0
votes

I have a Flink streaming system where I get click stream data.

data format:

{"uid":"123", "event_type":"view","payload":{"p1":{"price":23}}}
{"uid":"123", "event_type":"view","payload":{"p2":{"price":25}}}
{"uid":"123", "event_type":"a2c","payload":{"p2"}}
{"uid":"123", "event_type":"a2c","payload":{"p1":{}}}

So, here as we see we get two types of events a2c and view. The difference between these two types of events is in view events price is there for all products and in a2c only name is there, price is not there.

What I want to achieve is create a consolidated payload out of all the events for a 10 mins window.
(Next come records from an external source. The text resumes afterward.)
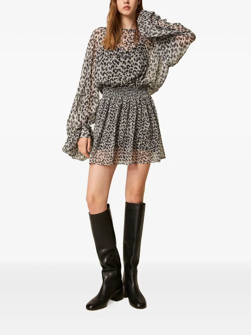 Платье с анималистичным принтом TWINSET, серый
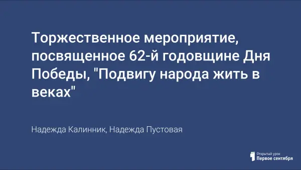 Торжественное мероприятие, посвященное 62-й годовщине Дня Победы, "Подвигу народа жить в веках"
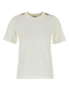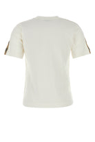 T-shirt realizzata in puro cotone caratterizzata da ricamo Equestrian Knight tonale sul petto arricchita da inserti in tessuto Burberry Check sulle spalle.
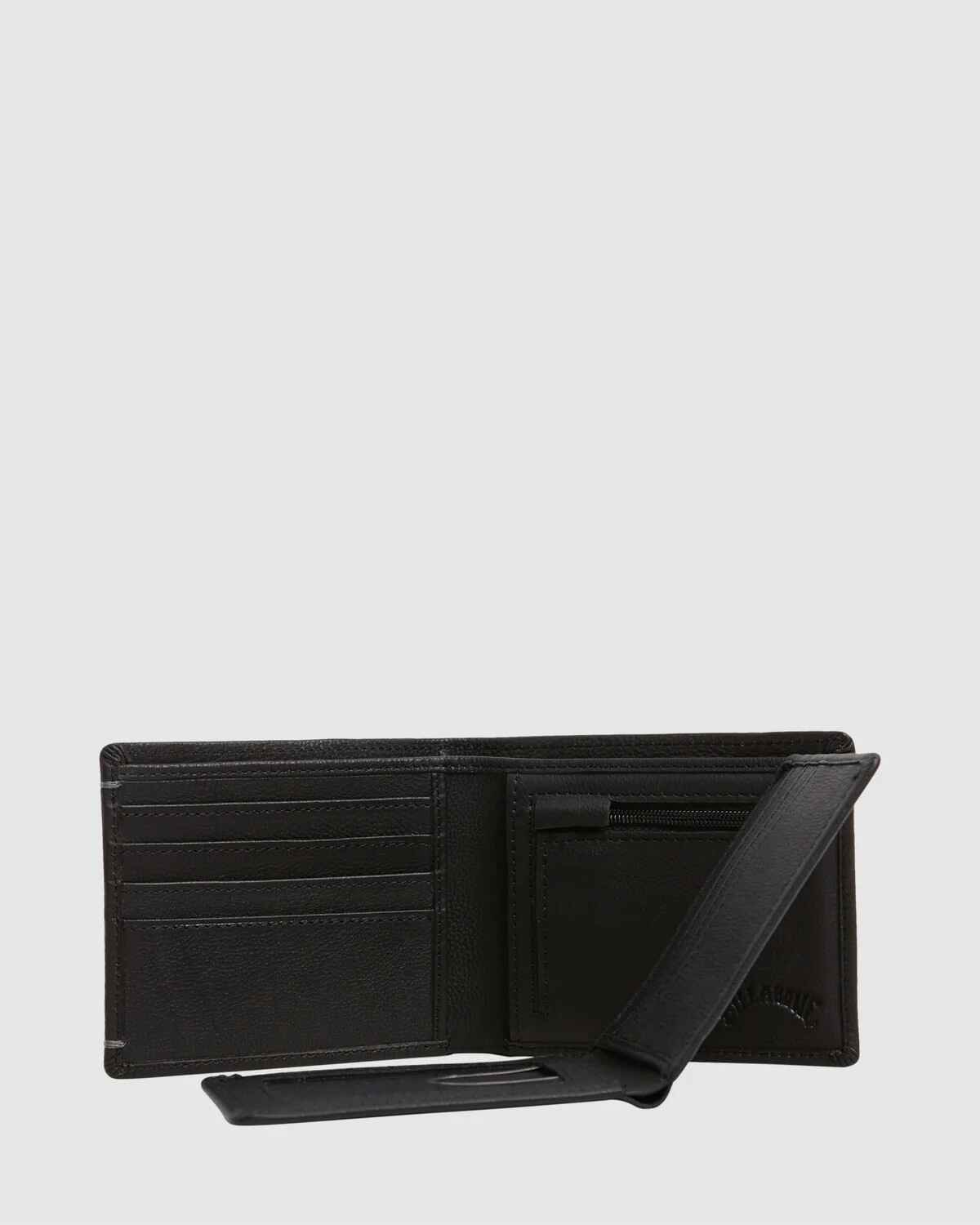 BILLABONG MENS ROCKAWAY 2 IN 1 LEATHER WALLET - BLACK
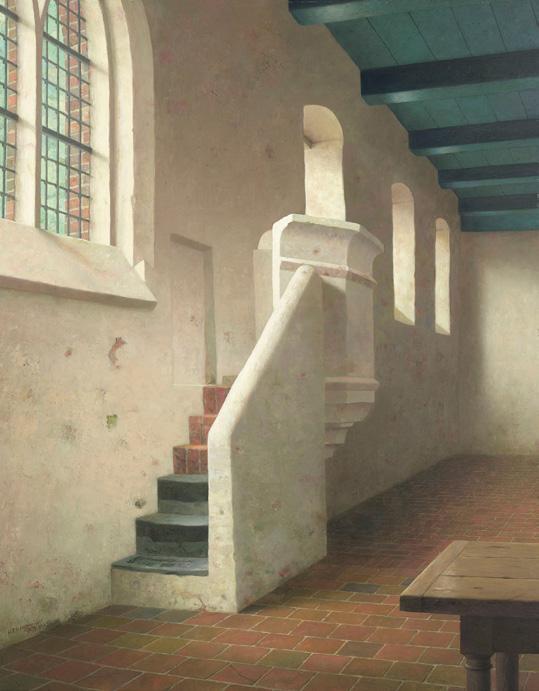 keer in een gesprek met de kunstenaar vooral ook over zijn eigen werk, waarin het kerkinterieur een bijzondere plaats inneemt. Het interview dat Tjitske Zuiderbaan met Eline Brontsema voerde, brengt ons bij een jongere generatie van kunstenaars die ook weer geïntrigeerd worden door de bijzondere sfeer van de eeuwenoude kerkgebouwen. Voor haar prenten heeft zij zich in een uiterst veeleisende druktechniek bekwaamd.

Also enrich the payloads of a2c by getting price information from its corresponding view event.

consolidated payload once window finishes for each uid:

{
    "uid":"123",
    "all":[
        {"event_type":"view", "payload":{"p1":{"price":23}}},
        {"event_type":"view","payload":{"p2":{"price":25}}},
        {"event_type":"a2c","payload":{"p2":{"price":25}}},
        {"event_type":"a2c","payload":{"p1":{"price":23}}}
    ],
   "total":4
}

How can I achieve this ? Basically I have to maintain a state of all the view events in the window and then once I get the a2c event I have to fetch the price from the state. I am not asking for any working solution, just how to maintain the state of all the view events in the window. Also I have some custom Reduce operations.

events.keyBy("uid").window(..).reduce(new ReduceCustomFun(..)).uid("..").name("..");

in the ReduceCustomFun: I am joining 2 events data into the list.

1

1 Answers

0
votes

The easiest thing to do would be to use a ProcessWindowFunction that does all of the window processing at the end of each 10 minute window. Then you would have an Iterable containing all of the events (for a given uid) from which to create the consolidated report, and you wouldn't have to concern yourself with maintaining any state.